> Collected data:
= = =
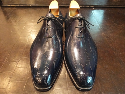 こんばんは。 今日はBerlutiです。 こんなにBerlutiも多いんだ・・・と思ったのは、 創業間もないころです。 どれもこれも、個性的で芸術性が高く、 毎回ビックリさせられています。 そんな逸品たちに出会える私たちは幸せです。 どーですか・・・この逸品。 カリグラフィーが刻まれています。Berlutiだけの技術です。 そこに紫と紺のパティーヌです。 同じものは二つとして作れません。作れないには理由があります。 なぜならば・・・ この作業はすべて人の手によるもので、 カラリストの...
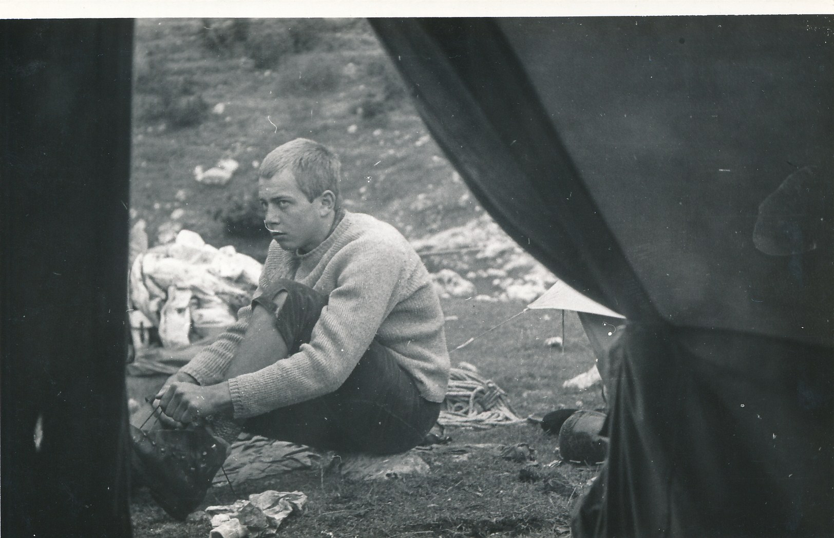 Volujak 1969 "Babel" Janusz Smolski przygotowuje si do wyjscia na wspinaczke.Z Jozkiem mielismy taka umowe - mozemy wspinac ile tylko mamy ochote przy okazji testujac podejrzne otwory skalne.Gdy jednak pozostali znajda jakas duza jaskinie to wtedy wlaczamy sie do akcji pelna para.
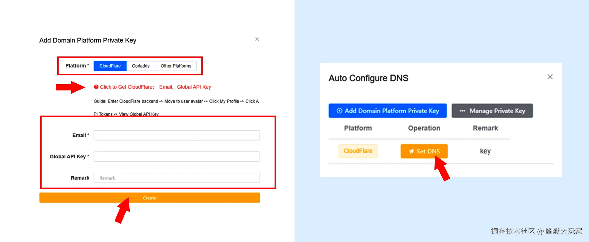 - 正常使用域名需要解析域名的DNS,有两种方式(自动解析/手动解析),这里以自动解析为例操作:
= = =
Output the listing exactly, pictures excluded.

 こんばんは。 今日はBerlutiです。 こんなにBerlutiも多いんだ・・・と思ったのは、 創業間もないころです。 どれもこれも、個性的で芸術性が高く、 毎回ビックリさせられています。 そんな逸品たちに出会える私たちは幸せです。 どーですか・・・この逸品。 カリグラフィーが刻まれています。Berlutiだけの技術です。 そこに紫と紺のパティーヌです。 同じものは二つとして作れません。作れないには理由があります。 なぜならば・・・ この作業はすべて人の手によるもので、 カラリストの...
 Volujak 1969 "Babel" Janusz Smolski przygotowuje si do wyjscia na wspinaczke.Z Jozkiem mielismy taka umowe - mozemy wspinac ile tylko mamy ochote przy okazji testujac podejrzne otwory skalne.Gdy jednak pozostali znajda jakas duza jaskinie to wtedy wlaczamy sie do akcji pelna para.
 - 正常使用域名需要解析域名的DNS,有两种方式(自动解析/手动解析),这里以自动解析为例操作:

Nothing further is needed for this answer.